Mais, si l’administration tint une place très large dans les occupations de sa pleine maturité, Mascart n’avait point attendu cette période de la vie pour montrer de grandes capacités d’organisateur. En 1870, déjà, il avait quitté sa jeune famille et s’était rendu à Bayonne, où, utilisant ses connaissances en chimie, il avait pris la direction d’une fabrique de cartouches dans laquelle aucun accident ne fut jamais signalé. La guerre terminée, Mascart fut créé chevalier de la Légion d’honneur ; il devait atteindre plus tard, dans l’Ordre national, la dignité de grand-officier.

Les hommes qui ont toujours vécu dans les laboratoires ne savent pas, en général, combien il faut de ponctualité, avec quel soin il faut organiser sa vie pour pouvoir faire face de tous les côtés à la fois. Mascart sut le faire, et ne négligea aucun devoir, parce qu’il avait le sentiment profond des responsabilités. On le savait ; on connaissait ses multiples compétences, et il devint tout naturellement, pour les choses scientifiques ou techniques, un conseiller très écouté.
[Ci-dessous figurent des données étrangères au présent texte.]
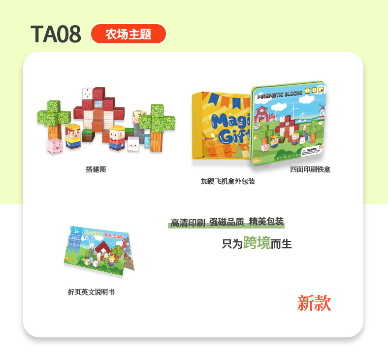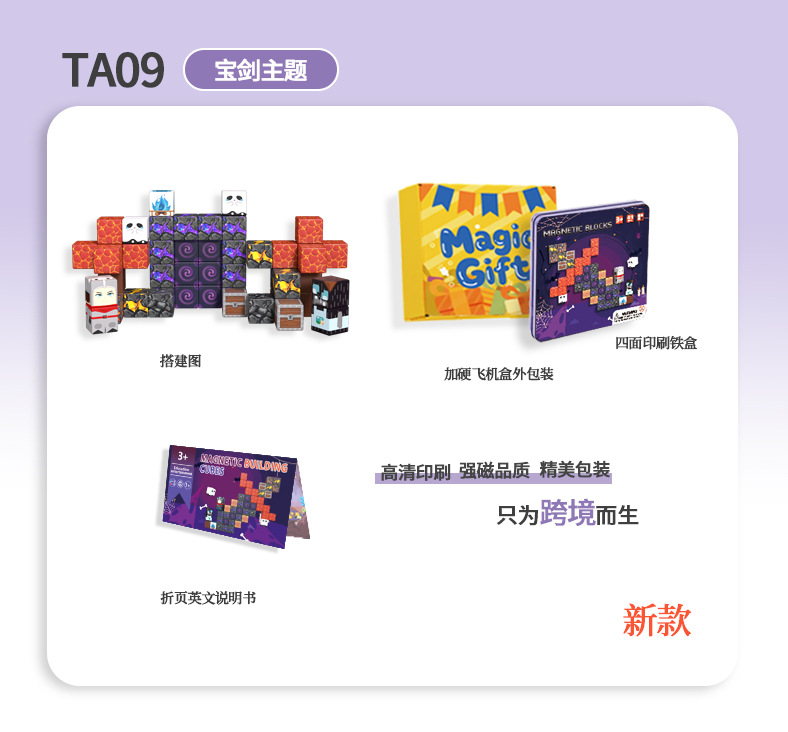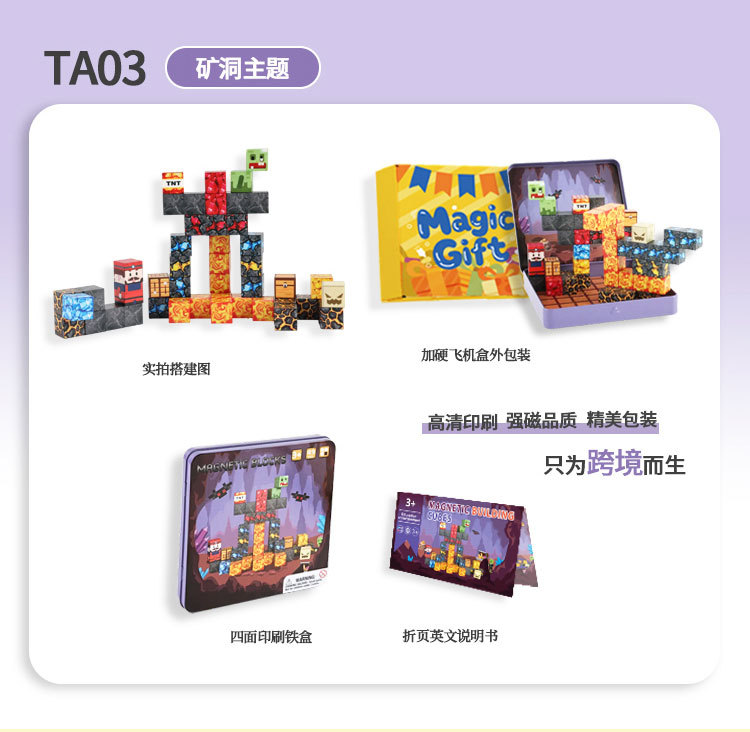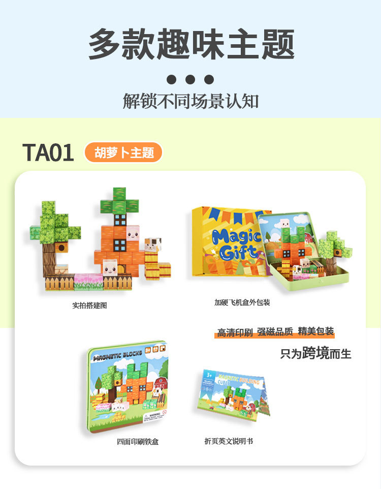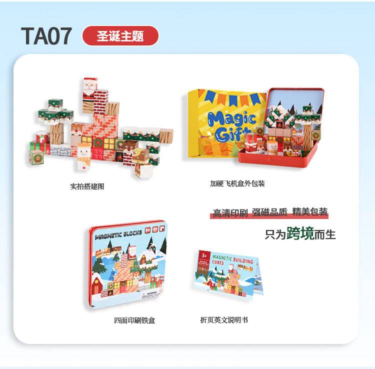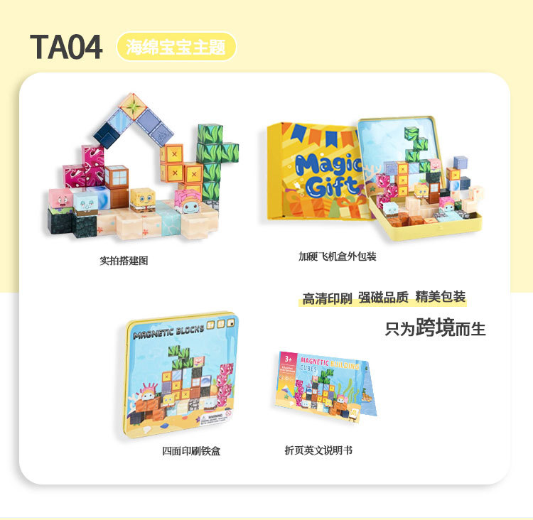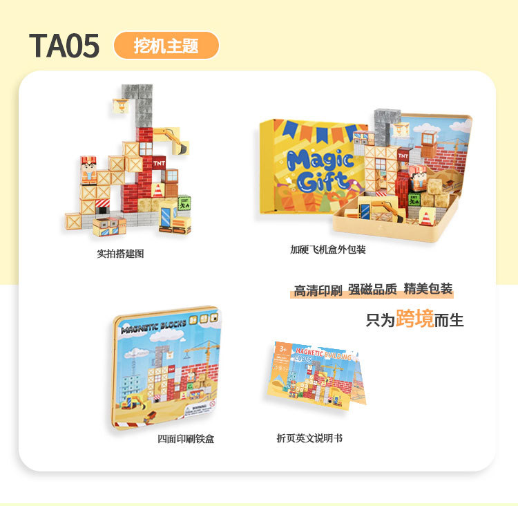 국경 간 새로운 자기 블록 빌딩 블록 자기 흡입 장난감 어린이 교육 빌딩 선물 49P 철 상자 블록 세트
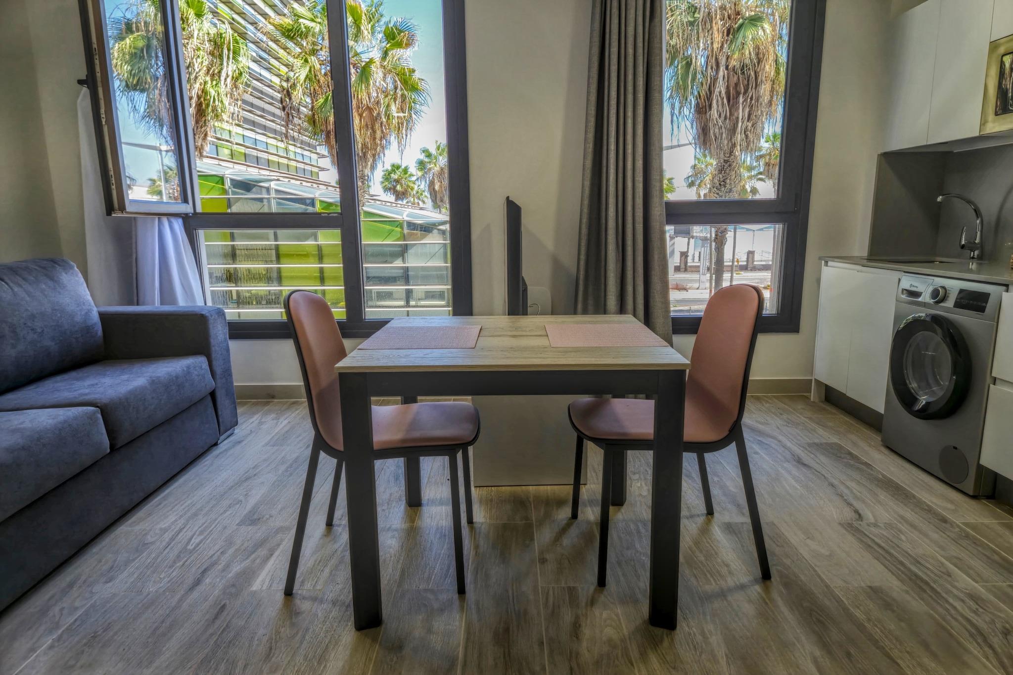 Dette smagfuldt indrettede hus på 50 m² ved stranden ligger kun 10 meter fra Playa de Las Canteras og tilbyder et lyst og afslappende kystferiested for to. Beliggende i et roligt område i Las Palmas de Gran Canaria, er det omgivet af bedste spisesteder som Origen Steakhouse og Casa Carmelo samt butikker, parker og naturattraktioner. Rummet har et udvendigt layout med et moderne køkken i åbent plan, fuldt udstyret med en induktionskogeplade, mikroovn, køleskab, kaffemaskine og alle nødvendige redskaber. Du vil også finde en vaskemaskine, strygejern, hårtørrer, Wi-Fi og et tv for din komfort og bekvemmelighed - alt hvad du behøver for et ubekymret ophold ved havet. Med El Confital, Santa Catalina Busstation og Las Palmeras Golf i nærheden er denne beliggenhed perfekt til både at udforske og slappe af. Uanset om du nyder gåture i solnedgangen på promenaden, afprøver lokale retter eller opdager Gran Canarias bjerglandsbyer og naturreservater, er dette kystskjul en vidunderlig base.
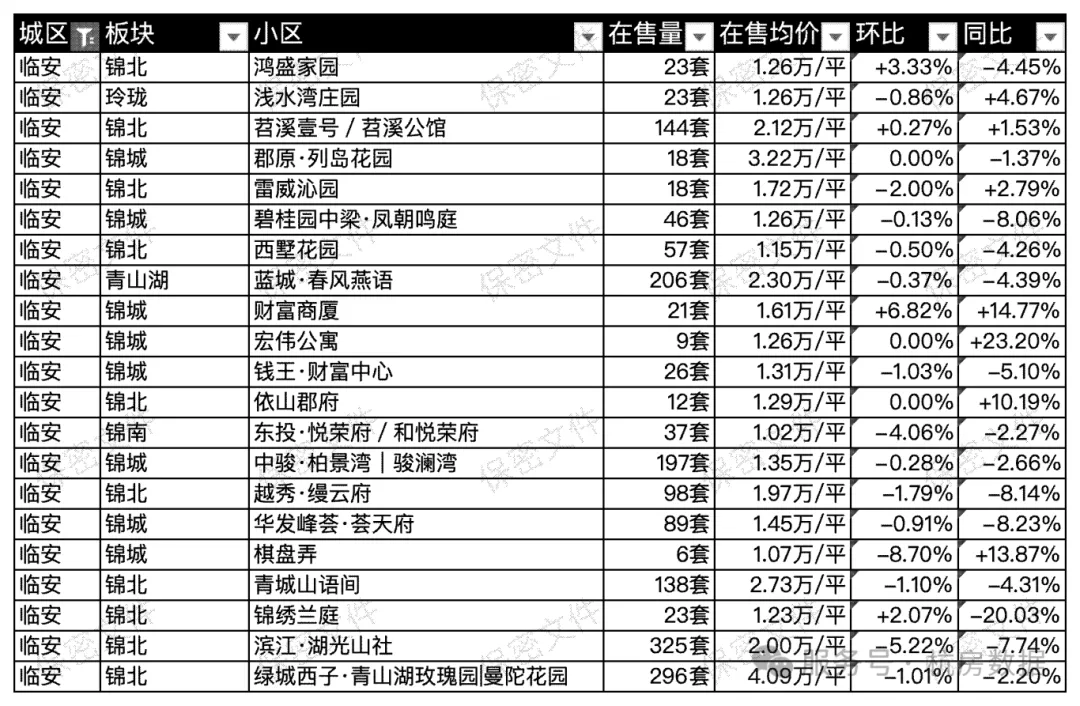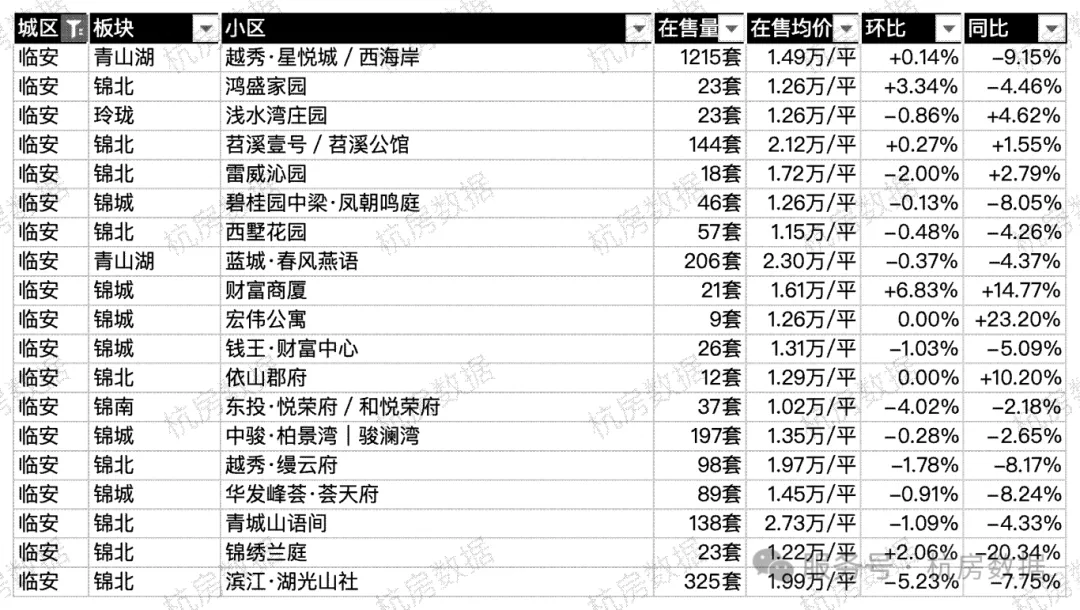 临安区各小区在售数据
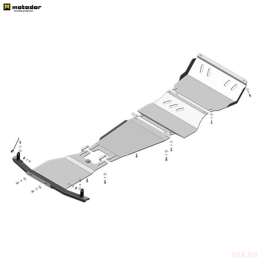 Алюминиевая защита двигателя, кпп, радиатора и раздаточной коробки с крепежом в комплекте, артикул 31323 от российского производителя Мотодор. Разработана специально для автомобиля Mitsubishi L200 2015-2021.
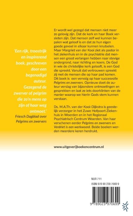 Maar Margriet van der Kooi ziet als pastor in het ziekenhuis en in de psychiatrie dat mensen een groot verlangen hebben naar stevige ondergrond, naar richting en koers. De God in wie de christelijke kerk gelooft, is een God die spreekt. Vanuit dat vertrouwen spreekt zij met de mensen die op haar pad komen.

L’influence qu’il s’acquit ainsi par une voie toute naturelle fut mise largement par lui au service de la chose publique. Mais aucune association peut-être n’eut sa constante sollicitude au même degré que la Société internationale des électriciens. Il s’était attaché dès le début à ce groupement si vivant des savants et des industriels ; il en avait été l’âme, le conseiller et le protecteur ; et comprenant tout le bien qui pourrait en résulter, il provoqua la création des deux établissements que cette Société dirige : le Laboratoire central et l’École supérieure d’électricité. Jusqu’à son dernier jour, il leur a témoigné le plus. vivant intérêt, et c’était une. de ses joies de les voir grandir et prospérer au delà des plus belles espérances.

L’extrême diversité des aptitudes de Mascart lui valut de nombreuses délégations aux conférences internationales d’électricité ou de météorologie. Depuis 1902, il avait remplacé, au sein du Comité international des poids et mesures, son regretté collègue et ami A. Cornu.

Si Mascart put embrasser un domaine si étendu, prendre, dans de nombreuses commissions, une place prépondérante et jouer un rôle très actif, c’est qu’il était doué d’une puissance de travail surprenante, secondée par une extraordinaire rapidité de conception. C’est aussi qu’il trouvait, au sein d’une famille heureuse, le calme et le bienfaisant repos. Et si, aujourd’hui, nous désirons présenter à la noble compagne de sa vie nos sentiments de sympathie respectueuse, nous voulons y joindre l’expression de reconnaissance de tous ceux qui savent combien l’activité de M. Mascart fut utile, de quel sillon profond elle reste suivie.